Earlier suborbital spaceflights

Some vehicles reached suborbital space much earlier than the launch of Sputnik. In June 1944, a German V-2 rocket became the first manmade object to enter space, albeit only briefly. In March of 1926 American rocket pioneer Robert H. Goddard launched the world's first liquid fuel rocket, but it did not reach outer space. Also in the 1920s the world's first large-scale experimental rocket program, Opel-RAK, was initiated under the leadership of Fritz von Opel and Max Valier.
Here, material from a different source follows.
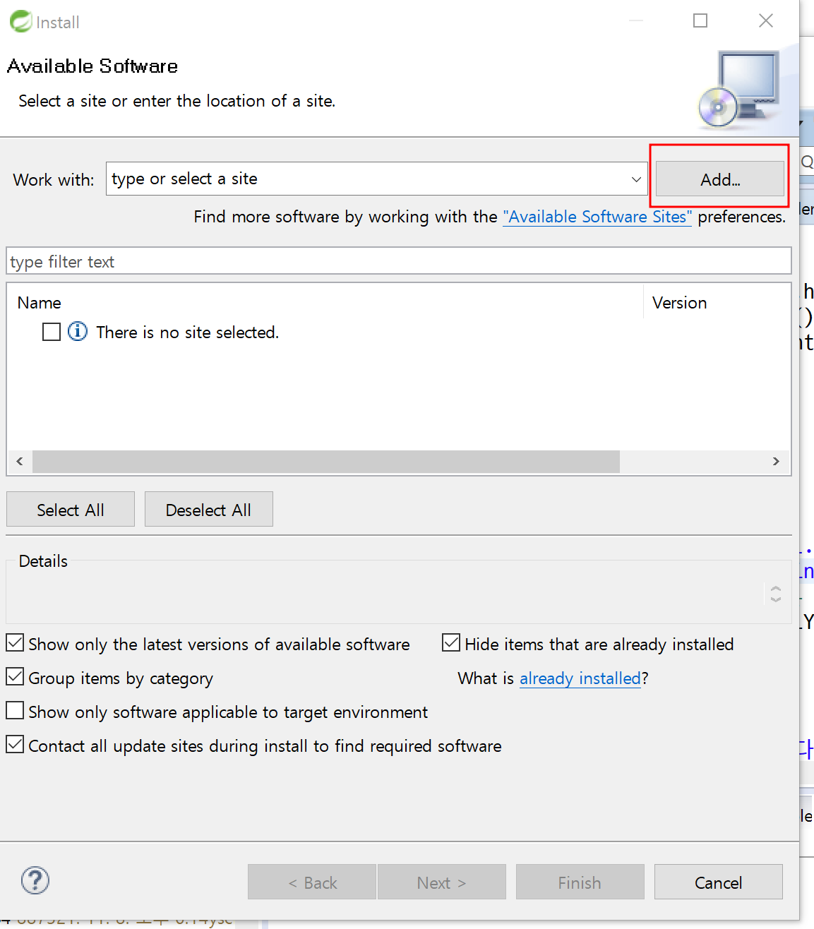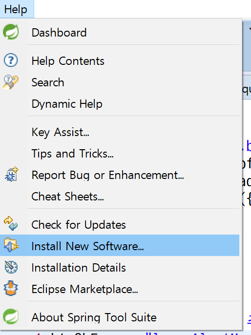 1. 상단 메뉴바에서 Help > Install New SoftWare... 클릭

Speed records for ground and rail vehicles were achieved in 1928 and von Opel piloted the world's first public flight of a rocket plane, Opel RAK.1. The Great Depression put an end to the Opel-RAK program but it nevertheless had a strong and long-lasting impact on later spaceflight pioneers, in particular on Wernher von Braun who would eventually head the Nazi era V2 program.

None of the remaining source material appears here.